**ACTIVITY**. Your answer must be an exact copy of the listing, with the images left out.

#####

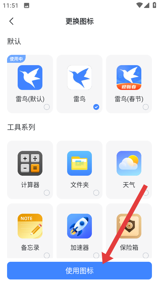 3、在更換圖標(biāo)頁面,選擇喜歡的圖標(biāo)樣式如雷鳥、計(jì)算器、文件夾等,點(diǎn)擊底部使用圖標(biāo)按鈕,就已經(jīng)成功修改了桌面圖標(biāo)。
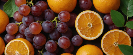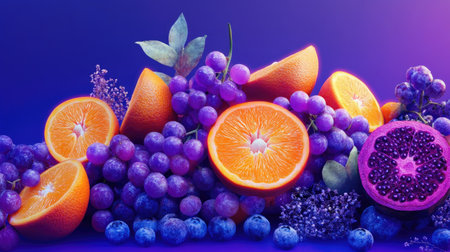 A close-up of a variety of fresh fruits, including a pomegranate, grapefruit, red grapes, and blueberries, with a vibrant purple and orange color palette.
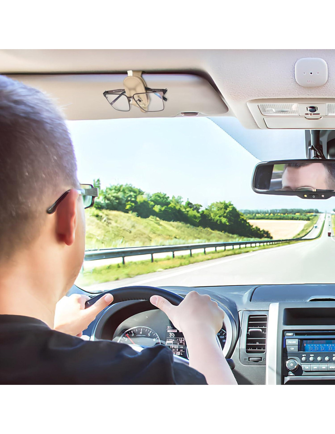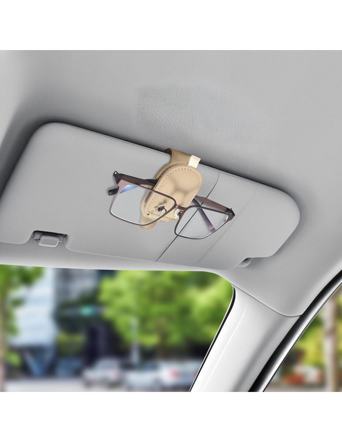 - Sin interferencia con la visión al conducir: Simplemente coloca el soporte para gafas de coche en la visera para una instalación rápida. Se ajusta perfectamente a la visera del coche sin ocupar espacio ni obstruir tu vista de la carretera, mejorando la conducción.
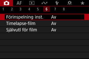Den här preliminära inspelningen kallas för en förinspelning. Kameran förinspelar automatiskt i standbyläge under filminspelningsläge.
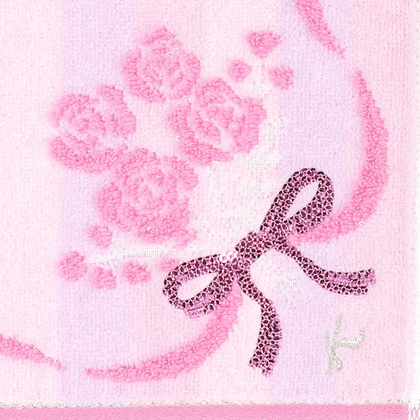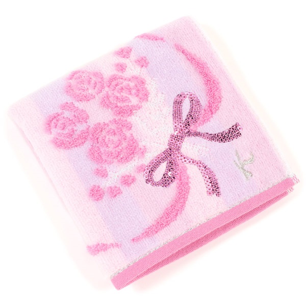 ギフトにおすすめのBOX入りタオルハンカチ。ニュアンスカラーのストライプ柄に、バラの花束とリボンモチーフが華やかで可愛らしいデザインです。花束のリボンにはスパンコールをあしらいました。BOXにはリボン掛けしたようなプリントを施し、特別感をプラス。Kマークのシルバー箔押しがワンポイントになっています。
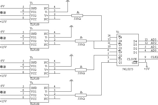 由于在本設(shè)計中,采用單片機作為測量系統(tǒng)的核心,因此,控制電路的核心也采用單片機,為了節(jié)約單片機的IO口,采用一片74LS175作為控制信號的鎖存器。驅(qū)動電路與控制電路的接口電路如圖6所示。

#####

**WRITTEN REPLY**.
 3、在更換圖標(biāo)頁面,選擇喜歡的圖標(biāo)樣式如雷鳥、計(jì)算器、文件夾等,點(diǎn)擊底部使用圖標(biāo)按鈕,就已經(jīng)成功修改了桌面圖標(biāo)。
 A close-up of a variety of fresh fruits, including a pomegranate, grapefruit, red grapes, and blueberries, with a vibrant purple and orange color palette.
 - Sin interferencia con la visión al conducir: Simplemente coloca el soporte para gafas de coche en la visera para una instalación rápida. Se ajusta perfectamente a la visera del coche sin ocupar espacio ni obstruir tu vista de la carretera, mejorando la conducción.
Den här preliminära inspelningen kallas för en förinspelning. Kameran förinspelar automatiskt i standbyläge under filminspelningsläge.
 ギフトにおすすめのBOX入りタオルハンカチ。ニュアンスカラーのストライプ柄に、バラの花束とリボンモチーフが華やかで可愛らしいデザインです。花束のリボンにはスパンコールをあしらいました。BOXにはリボン掛けしたようなプリントを施し、特別感をプラス。Kマークのシルバー箔押しがワンポイントになっています。
 由于在本設(shè)計中,采用單片機作為測量系統(tǒng)的核心,因此,控制電路的核心也采用單片機,為了節(jié)約單片機的IO口,采用一片74LS175作為控制信號的鎖存器。驅(qū)動電路與控制電路的接口電路如圖6所示。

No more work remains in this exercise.